Multi-Objective Modeling for Green Supply Chain Demand Risk Management: An Enhanced Adaptive NSGA-II Algorithm for Solving Problems Under Challenging Conditions
摘要
Recent systemic disruptions, such as the COVID-19 pandemic, have highlighted the structural fragility of global supply chains in the face of risks such as supply chain disruptions or market access restrictions. Among the most significant risks are sudden surges in customer demand and the closure of regions where suppliers or customers are located. In this context, quantitative supply chain risk and performance management play a crucial role, aiming to anticipate and mitigate potential disruptions while promoting improved performance and sustainability. This study is aimed at developing effective quantitative management for a three-tiered supply chain, composed of suppliers, a distributor, and customers. The primary objective is to improve customer satisfaction by ensuring reliable supply, even under adverse conditions such as supplier closures or restricted access to customer areas due to risk events like a pandemic, while preserving the economic, environmental, and operational performance of the supply chain.

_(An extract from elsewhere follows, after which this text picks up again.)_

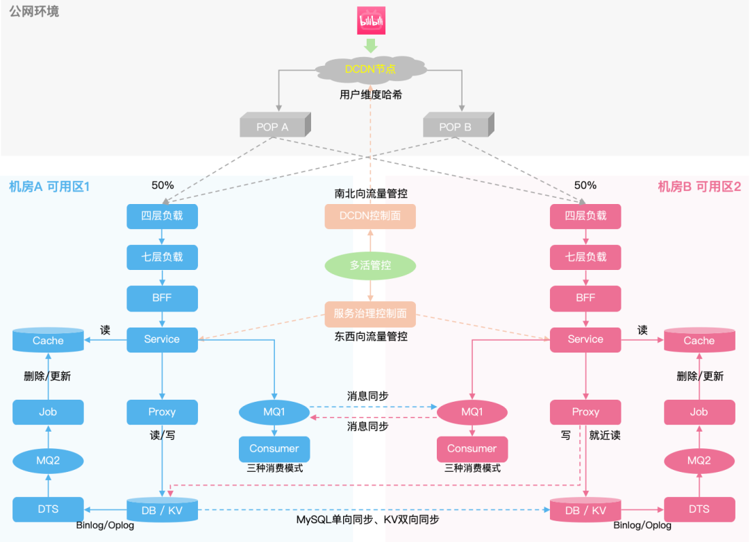 当前我站业务主要为同城多活架构,如图4所示,我们将多个机房逻辑上划分为两个可用区,每个可用区日常承担50%的流量,将整体多活架构分层来看:

To achieve this, we are developing a mixed-integer, multi-objective mathematical model that simultaneously minimizes total cost, reduces CO2 emissions, and minimizes delivery times, based on three complementary criteria that collectively reflect the resilience and sustainability of the supply chain. The model includes a set of relevant constraints and is applied to two scenarios: an ideal, risk-free scenario, and a scenario with risk. Two solution approaches are used: the ε-constraint method and the Non-Dominated Genetic Sorting Algorithm II (NSGA-II).